Re: Convenient Representations of XML/JSON

Posted: Fri Nov 21, 2014 8:39 pm
by sjt
Further thoughts following a stimulating discussion at today’s BAA meeting – thanks Phil, Jane, Chris & Jake!

JSON keys don’t need to be APL names. We considered and rejected any transformation of keys to APL names. That rules out a namespace as the target for importing JSON. Has to be an array.

We reviewed three array structures for representing name/value pairs.

  1. A 2-element vector: keys and values
  2. An n+1 vector: (⊂n keys) followed by n values
  3. A 2-row matrix
Although (2) is what I use in my day job, (3) has three virtues the others lack.

  • The structure ensures a 1:1 mapping of keys to values. You can’t form a dictionary with more keys than values or vice versa.
  • The default format is legible and compact. With many keys, ⍉ will improve it.
  • The notation extends naturally to more rows, emulating CSV tables.
The central role of dictionaries and tables in kdb, and the use of the @ function to index both, suggests seeing what we can borrow.

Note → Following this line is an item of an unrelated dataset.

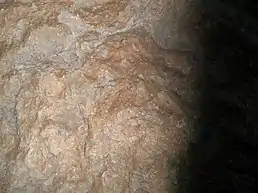 Kizil-Koba (The Krasnaya Cave -literally translates as the Red Cave) is the biggest grotto of the Crimea and one of the karst cave that appear on the limestone in Eastern Europe. The cave is known as the "Kiikin-Kobasy" (Savage's Cave) by local Tatars or “Kiik-Koba” (Wild Cave) chosen by the archeologist Bonch-Osmolowski.[10][6][11]

Call a dictionary a matrix in which the first row consists of character vectors. Call the first row the keys. Call a CSV a dictionary with more than 2 rows. The corresponding values are:

  • for a 2-row dictionary: ,1 0↓dict
  • for a >2-row dictionary: ↓⍉1 0↓
Intuitively, the keys of a CSV are its top row, and its values are its columns.

Pick Extend the left and right domains of ⊃: on the left simple or nested character vectors; requiring on the right a dictionary.

Execute Phil pointed out that dot notation has made dyadic ⍎ redundant. Extend the right domain of ⍎ to dictionaries where all the keys are valid APL names. The result is a namespace. Make the left domain be nested character vectors: a list of keys. The result is a namespace of variables corresponding to the intersection of ⍺ and keys of ⍵.

Format Extend the right domain of ⍕ to namespaces; the result is a dictionary of its variables. (Serialisations of objects capture only properties.) In the domain of dictionaries and namespaces of variables, ⍎ and ⍕ become inverses of each other.

Index Extend the right domain of monadic ⌷ to dictionaries. Return all the keys.

In terms of importing JSON to APL, suppose IJ takes a character vector string of well-formed JSON. Then

      ≢d←IJ '{cow:food;sheep:food;cat:pet;dog:pet;}' ⍝ dictionary
2
d
cow sheep cat dog
food food pet pet
d ≡ ⍕ns←⍎d ⍝ all keys in string are APL names
1
(≢⍉d) = ≢ns.⎕NL 2
1
⌷d ⍝ the keys of d
cow sheep cat dog
ns.cow ←→ 'cow' ⊃ d
ns.(cow cat) ←→ 'cow' 'cat' ⊃ d
d ←→ d⊃⍨⌷d


The ⊃ function extended to CSVs would give me the at function I presently define in APL+Win for handling tables.